Neither do I condone the horrific bullying that goes on in younger people from straight to gay ...or straight to straight or even gay to gay.

Most of the talk we're having stems from the suicide of Tyler Cleminti, who jumped from a bridge as the result of continual bullying by his college roommate and others.

Clementi's death was one of a string of suicides last month involving teens believed to have been victims of anti-gay bullying. Just days after Clementi's body was recovered, more than 500 people attended a memorial service for a 13-year-old central California boy, Seth Walsh, who hanged himself after enduring taunts from classmates about being gay.

I can't help but think that if someone in some church close to any of them had shown the love of God for those kids, maybe a difference might have been made.

Instead, we seem to make it a duty and a right for those of us who have chosen to accept Jesus as our savior to prove just how right we are. In other words, I don't do this particular act (and you can fill in the blank with what you dislike more than the next act), so I am better than you.

Perhaps it's being homosexual or trangendered or whatever the heck is the next deviant act to come along. Maybe it's having children out of wedlock. Maybe it's smoking, cussing, drinking or you name it as the last thing we tried to get rid of and couldn't.

No one is saying these are not sins. But I'm saying they do not, the performance of those sins, have anything to do with whether God loves them or not. That seems elemental. It is not. There are billions who roam the planet not understanding that God loves them and so do billions of his followers.

We are so ate up with the desire to be right, even in our religion, that we fight over them. How amazingly stupid is that?

I don't have all the answers. I've proven to be something of a deviant in the use of my money (deviant meaning being an exception to the norm), in the use of my time, in the use of my skills. Who on earth am I to question what someone does?

But this I know: God loves us. God wants us to get along. God wants the least of these to be treasured like the best of these. If the least of these are gay, that doesn't extinguish God's love. If the least of these is alcoholic, or a hater or a whatever, God still wants them to come to him and work things out.

We so desperately want rules to go by that we latch onto them, even in scripture, and we say, "well, that's clearly a sin."

But we forget so easily that Jesus came not to condemn, but to save.
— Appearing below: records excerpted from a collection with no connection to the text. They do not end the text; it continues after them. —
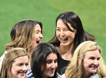 「ワールドシリーズ・第7戦、ブルージェイズ-ドジャース」(1日、トロント) ドジャースの奥さま達で構...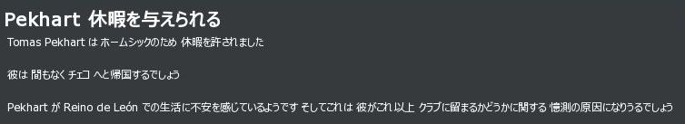 10月17日、若手FWのPekhartがホームシックになっていたため、一度帰郷を許す。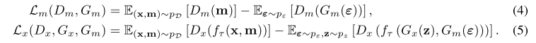 그래서 2가지 Pair를 쓴다 마스크 : (G_m , D_m) , Data : (G_x , D_x)

Jesus didn't mention one word about homosexuality, but he spent volumes speaking about judging and hate and so many other things.

Bottom line is this: No one should feel they are unloved. No one. Because no one is. No one.

We'll work out all the details later. But till then, "God so loved the world that he gave..."

That's enough to start on. In America's youth, in Palestine, in South Korea and elsewhere. "God so loved the world." Not a part, but the whole thing.

"God so loved," not judged or ruled against or condemned.

"God"

That's all I need at the moment to carry me through these exceptionally difficult days.